Speaking of decanting, we had to ask for this to be done every time and the
waiters acted as if they didn't know what to do. They had to ask a head waiter
what it was and then go find one. They did it, but it was obviously something
they seldom did. We even had to ask for red wine glasses. Again, that vacant
stare as if they'd never been asked for such a thing. Our water glasses were
often empty which to me is the number one no-no of any restaurant considering
itself outstanding.
All of
this reflects on the training these guys are obviously not receiving and their high-speed
movement and the lack of any bussers, shows the lack of concern by the cruise
line for its clientele who, I suppose, the cruise line figures are in a hurry
to eat and get on to whatever they next have planned.
I should
say that the servers are generally very friendly and want to please.
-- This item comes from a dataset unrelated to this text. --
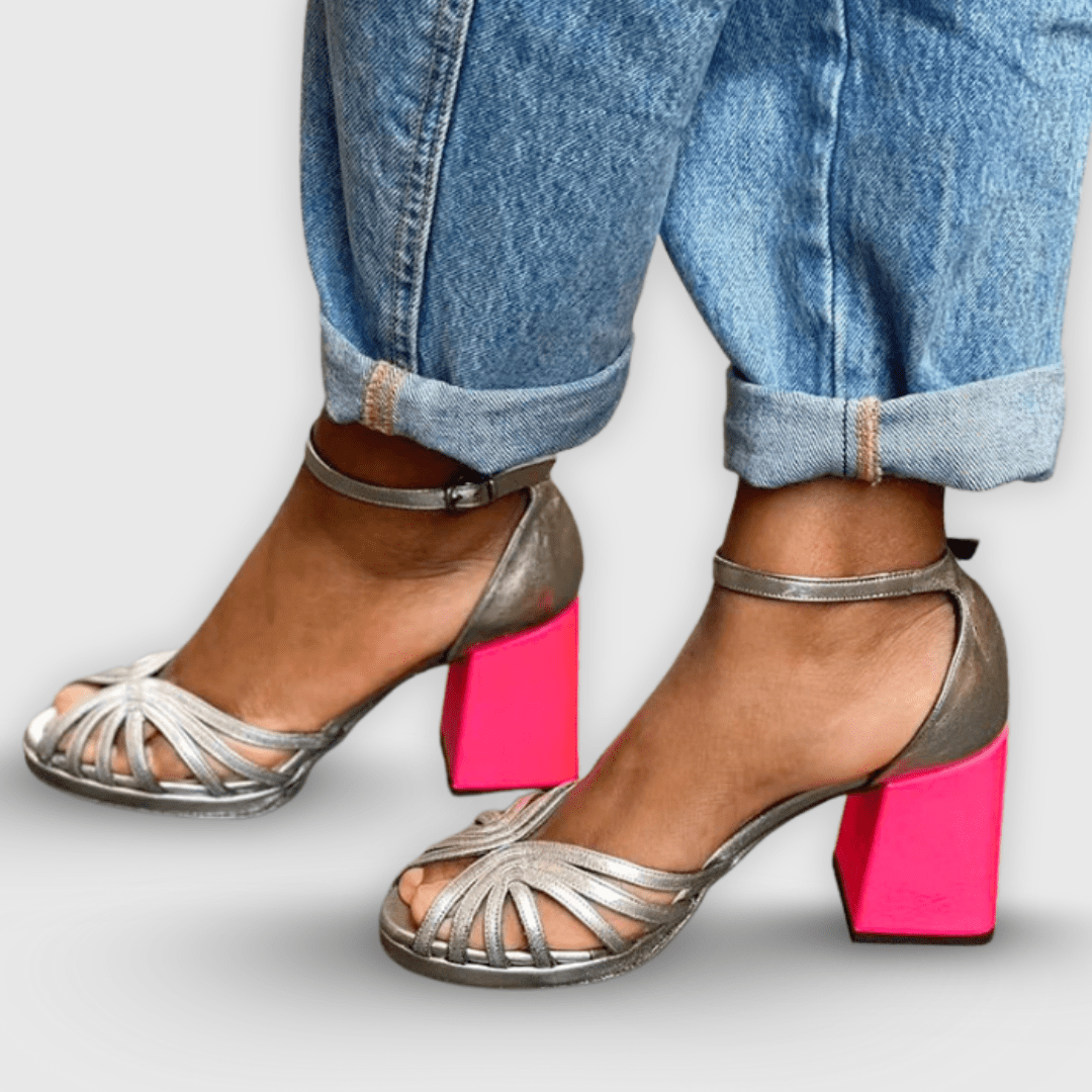 Sofia ist eine glamourös und eine unvergessliche Sandale, die kombiniert Stil Und Charakter Mit ihrem breiten Absatz und den eleganten goldenen Riemen ist diese Sandale ein echter Hingucker.

They are
just in high gear all the time and this seriously takes away the joy of fine
dining.
We have
come to the conclusion that this is not our preferred method of travel. It is
not what we had hopped. It has been relaxing in that we have not had to make up
our room. Our cabin attendant, Domingo, has done an admirable job of keeping
the room neat and tidy. But most of the shipboard activities are not our style.
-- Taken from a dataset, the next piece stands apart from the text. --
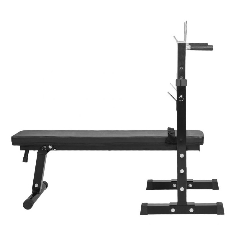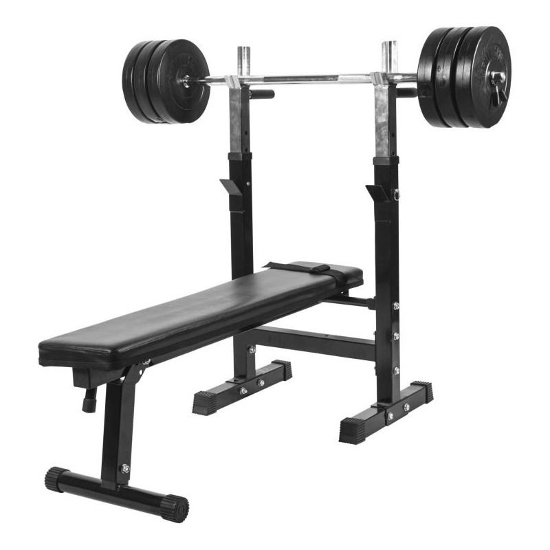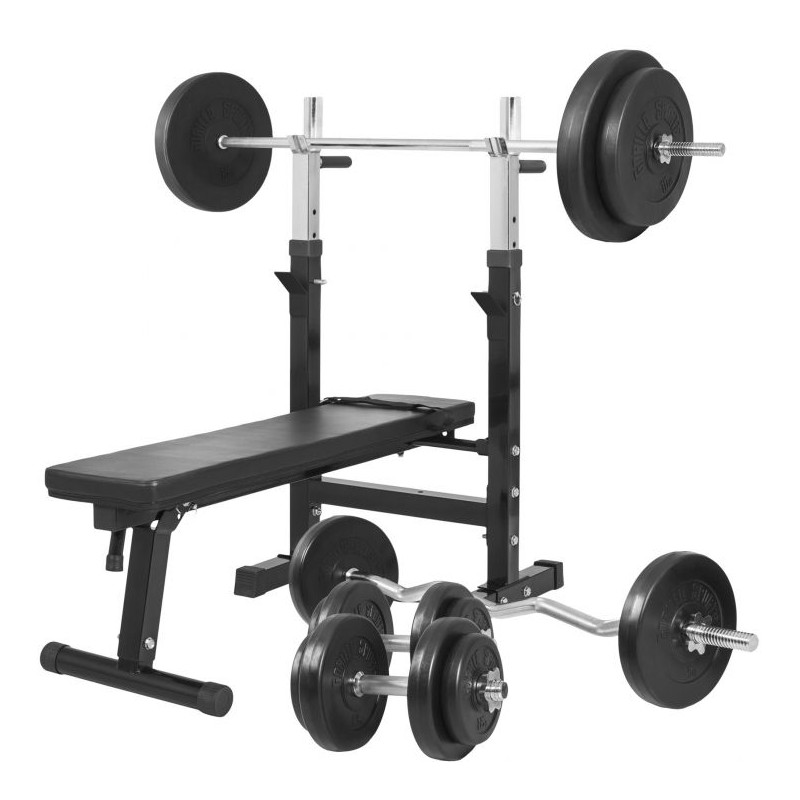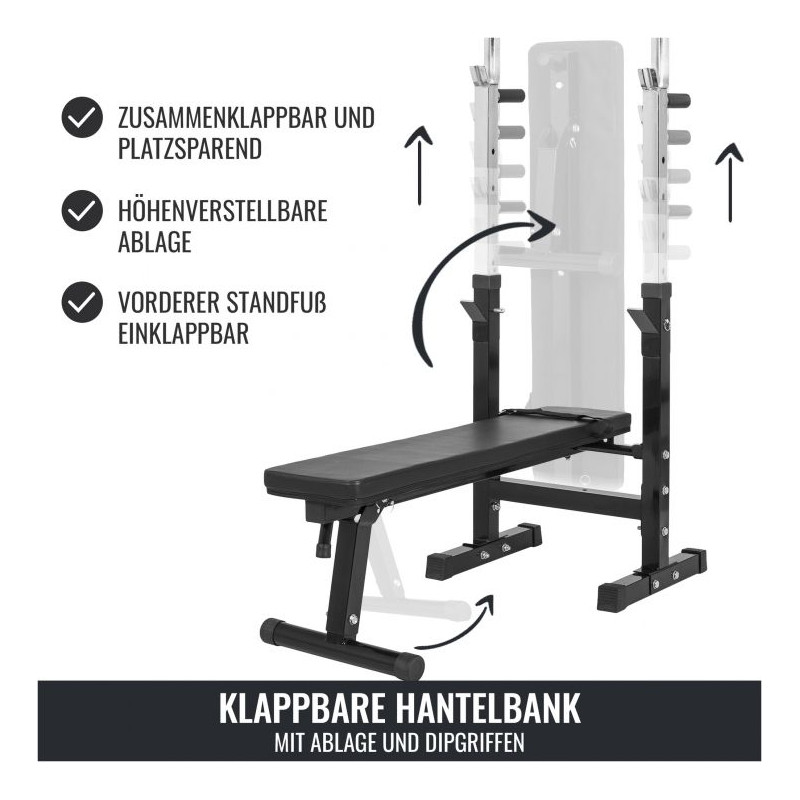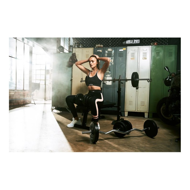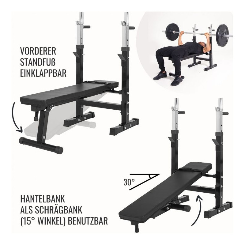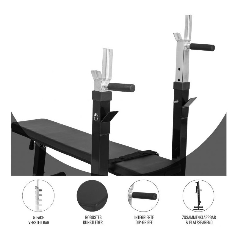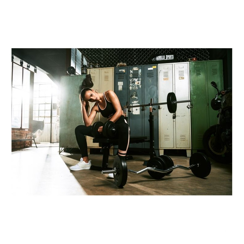 Posilňovací lavica s činkou 100 kg od spoločnosti Gorilla Sports je komplexná kompletná sada pre začiatočníkov aj pokročilých cvičencov. Integrované úchyty pre dip na nastaviteľnom stojane na činky, bezpečnostný popruh na nohy a plastová kompletná sada 100 kg s tyčami, taliermi a zámky sú vhodné pre efektívne cvičenie pre cielené budovanie svalov.

We don't gamble or party. We loved the art auction we attended on our first
Princess Cruise, but the art on the last two cruises we've taken has not been
our taste at all. We enjoyed the idea of the Movies Under the Stars concept but
most of the films were not our taste or were films we've already seen. The stage
shows aren't our style--just tacky in our opinion. So, that really narrows down
the attraction of cruising for us.
I still
think that the cruise was probably the best way to take in these four
countries, none of which I would have probably come to individually. I felt the
same way about our Alaska cruise, so I suppose there might be some advantages
to this type of travel and I can see how for older travelers this could be a
trouble-free way to see bits of places they might otherwise feel uncomfortable
traveling to or find it too difficult due to language, culture or other
perceived issues. Plus the cruise line does bend over backward for those who have disabilities
making these places accessible to folks who might not otherwise even attempt
it.
So, for
us I think it will be back to road trips and land tours such as our Thailand
tour last year. Each of these has its own draw backs but our experiences with
land tours has been that we have more exposure to the locals, the culture and
the cuisine. Our road trips require us to do a great deal of planning and
research, but we enjoy doing that so it works for us. Perhaps in another 10-20 years, god willing, we may revisit the cruise again or if there is a cruise
that takes us to a group of places that might otherwise be too difficult or
expensive to do on a land tour, maybe then.
I did
notice a Princess Cruise that goes out of Southampton, England and has ports of
call in Russia, Latvia, Estonia, Lithuania, Finland, Sweden, Norway, Scotland,
Iceland, Greenland and ends in New York City. There might have even been a
couple of other stops in there I missed, but what a dream trip!
Off Fuerte Amador and Panama City, Panama |
Well, next morning we
anchored near Fuerte Amador near the Panama Canal and got tendered
in to shore for another shore excursion. The ride to shore was about 15-20
minutes. Tomorrow morning we head into the canal for our transit, what I
hope will be the high point of the trip for me.